When the 8-wide RISC-V Ascalon processor from Tenstorrent hits hopefully late this year or early 2026 we will really see. And others such as Ventana, Rivos, XiangShan.

This will work even better in a wide SIMD, if you have a fast 1-lane shift (Called slideup on RISC-V).

2 comments

Neat, but if you're using this in cryptographic code (one of the main consumers of bignums), keep in mind that secret data reaching branches is usually a side-channel risk. Sure, it's only 1 time in 2^64 on random data, but if you're depending on that, then you have to consider whether an attacker can choose data that will make it happen more often.

If you can substitute a cmov without control flow then it's probably safer, e.g. c1 |= c0 & seq(s1,-1) or so, so long as you can make sure the compiler won't turn it into a branch.

It does add a data dependency though ...

Yes, for cryptography you'd like to have constant time, but this has to be an awfully low bandwidth channel!

A `cmov` will have the same serialisation problem as `adc` but on machines without carry it might still leave you better off than the obvious `add s,a,b; sltu co,s,a; add s,s,ci; sltu t,s,ci; or co,co,t`.

I think you want to write:

  if (s1 == -1)
     c1 = c0;
  if (s2 == -1)
     c2 = c1;

These can become conditional moves on x86. I've often thought RISC-V should have implemented an IF instruction instead of compare and branch. IF would cause the next instruction to be executed conditionally while not needing a flag register at the ISA level. They could have required only branch and jump to be conditional, but it turns out conditional mov, load, and store are all very useful in real code.
The problem is that, as far as I know, a conditional move is going to introduce a data dependency from c0 to c1 to c2 that is the exact thing we are trying to get rid of. The cmov is a constant time instruction, not a speculated instruction like a conditional branch.

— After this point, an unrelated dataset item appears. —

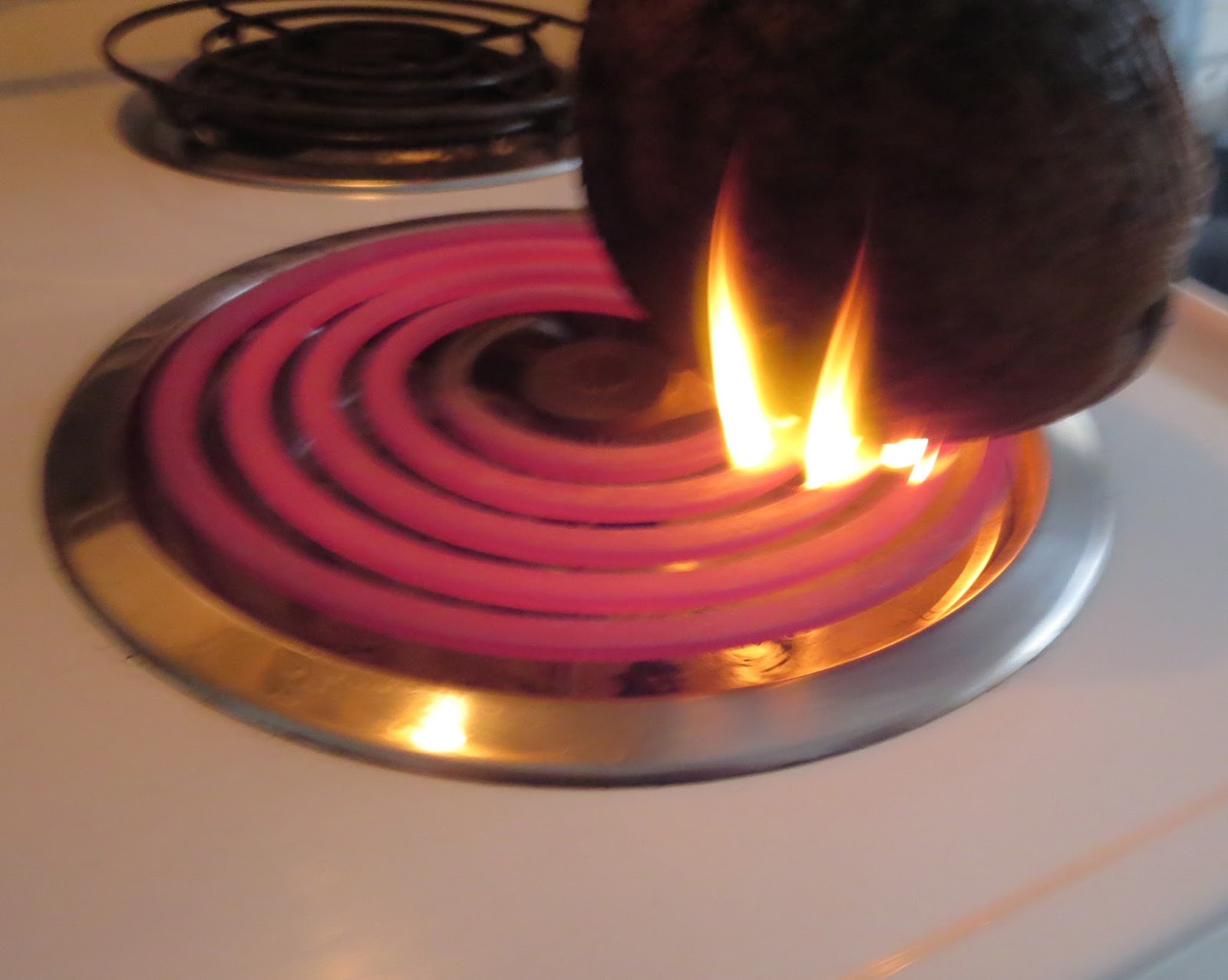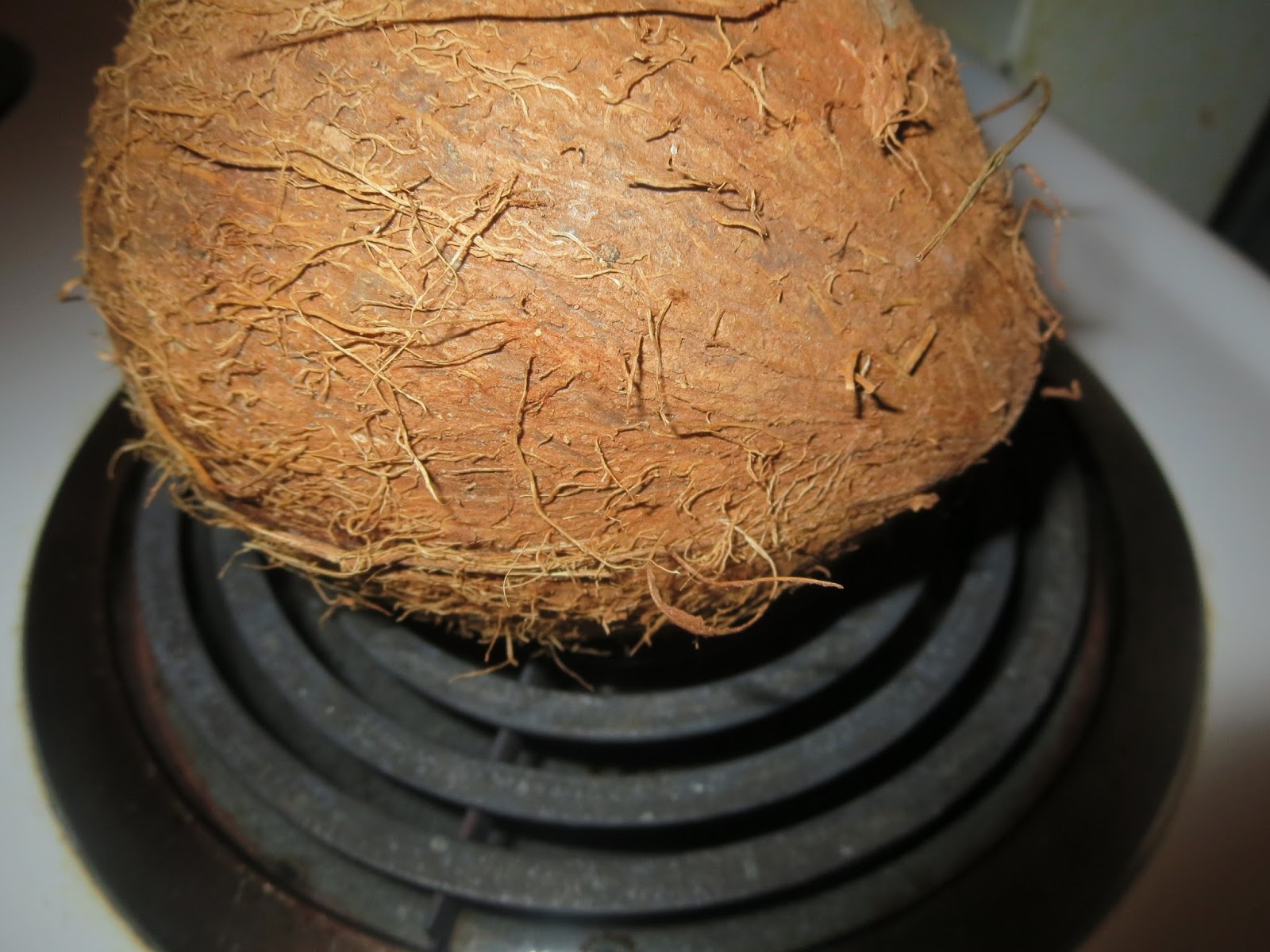 2.Pelar y cortar el coco en trozos.para pelar primero quitale todas las fibras de encima que no le quede ninguna al coco que no o prenderá en fuego , ponlo en la hornilla un minuto por cada lado para ayudar al coco a desprenderse de la cascara, luego con ayuda de cuchillo para la mesa tratar de desprender el coco por todos los bordes de la cascara .

The entire point of what I did is that the two conditional branches will be predicted not taken, so the CPU will 99.9999999999999999946% of the time not even see the `c1 = c0` and `c2 = c1` instructions that introduce the sequential dependencies.

That sounds like it would be quite a pain to implement and program. E.g. what happens if there's an interrupt between the IF and the following instruction? You need to add a CSR to read/write the conditional state, similar to the vector control CSRs (vstart etc.). Hard to see how that extra complexity would be worth it.

Modern branch predictors are very good and most branches are very predictable.